Theoretical Study of Benzonitrile Clusters in the Gas
Phase and Their
Adsorption onto a Au(111)-Surface
Yoshishige Okuno, Takashi Yokoyama, Shiyoshi
Yokoyama,
Toshiya Kamikado, and Shinro Mashiko,
Abstract:
We made theoretical calculations for a benzonitrile
molecule and its
clusters in the gas phase and as adsorbed on the Au(111) surface, to explain
the
observation by scanning tunneling microscope, i.e., the trimer formation
of cyanophenyl
porphyrins adsorbed onto the Au(111) surface. With regard to the gas-phase
species, ab
initio calculations showed that (1) the benzonitrile dimer has a single
stable structure that
is planar and antiparallel; (2) the trimer has two isoenergetic stable
structures, i.e., a
planar and cyclic structure and an antiparallel and nonplanar one; (3)
the clusters are more
stable, at low temperatures, than the monomer.
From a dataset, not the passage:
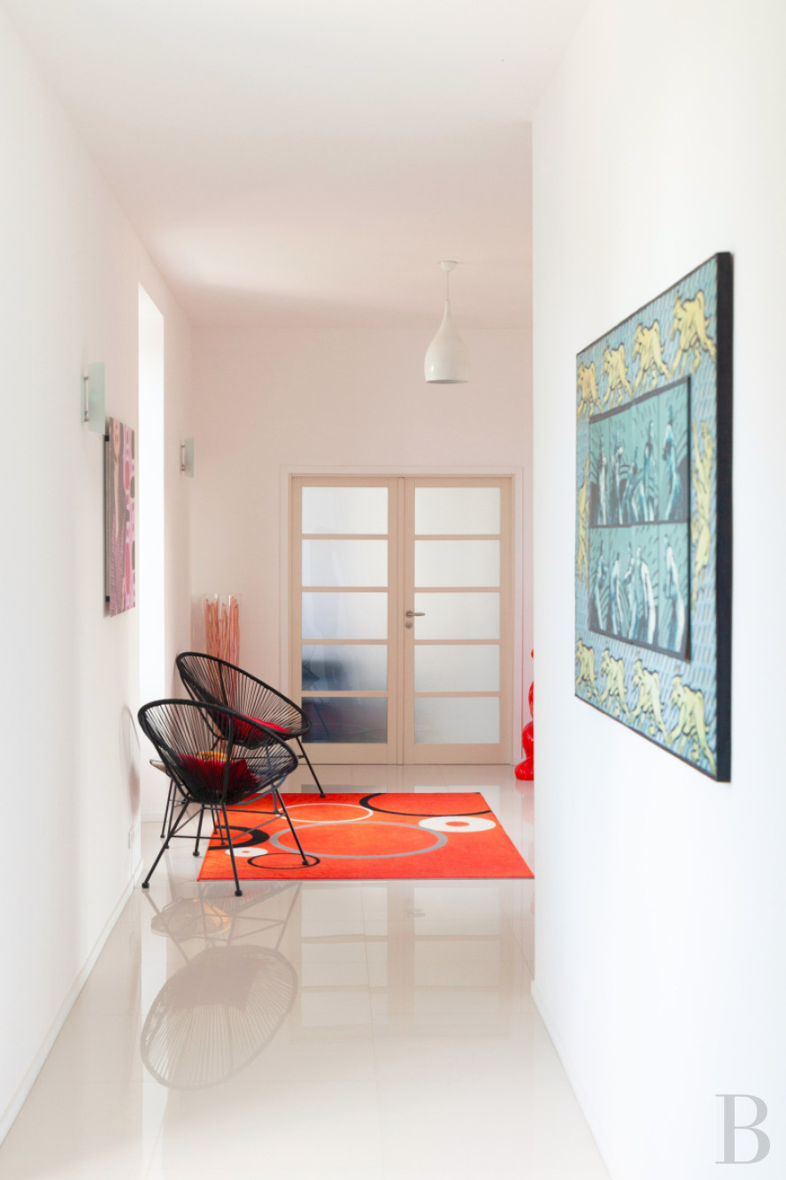 L'escalier, maçonné et peint, débouche sur un palier distribuant une première chambre, une porte donnant accès aux greniers et une salle de bain indépendante avec toilettes. Dans son prolongement, un ample dégagement dessert une partie aménagée en suite, comprenant trois chambres, une spacieuse salle de séjour, trois toilettes et deux salles d'eau. Ladite pièce de séjour occupe le cœur du niveau et commande deux de ces chambres. La baie centrale en forme de niche donne un caractère scénique au paysage verdoyant qui se dévoile au loin. La dernière chambre de la suite et du niveau, spacieuse et associée à une pièce de douche, est indépendante et très lumineuse.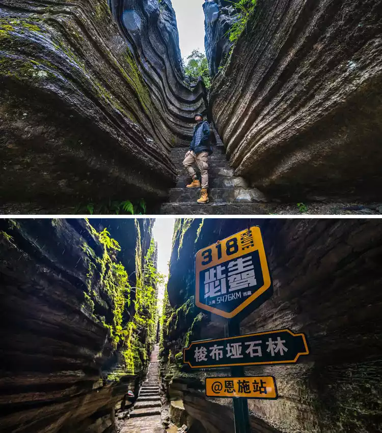 Enshi's Earth's Heart Valley gets its name from its heart-shaped, water-eroded cave entrance, and it's also located right at the 1520 km mark on National Highway G318. It's simply overflowing with love! Putting aside the gimmicks, just gaze at the twisted rocks ravaged by the earth's forces, the smooth gullies sculpted by millennia of water, and the crystal-clear brooks. Every detail reveals the wonders of nature, and if you take careful photos, you'll still be able to use up a lot of film!

For the adsorbed species,
we made
quantum mechanical/molecular mechanical calculations in which the interaction
between
the adsorbates and the surface is evaluated in a molecular-mechanical
way by using
analytical potential functions and an image charge model. Because the
stable structures
were found to be similar to those in the gas phase, the cluster formation
of adsorbed
cyanophenyl porphyrins was attributed to the interaction between cyanophenyl
groups,
which is barely affected by adsorbate-surface interaction. It was also
found that the
adsorbed cyclic benzonitrile trimer is more stable than the monomer and
the dimer
because the relative stability is dependent on enthalpy alone. We therefore
concluded that
the preferential formation of trimers by the adsorbed cyanophenyl porphyrins
is due to the
negligible contribution of entropy to the relative stability of the adsorbed
species and that
the adsorption hardly change the situation found in gas phase.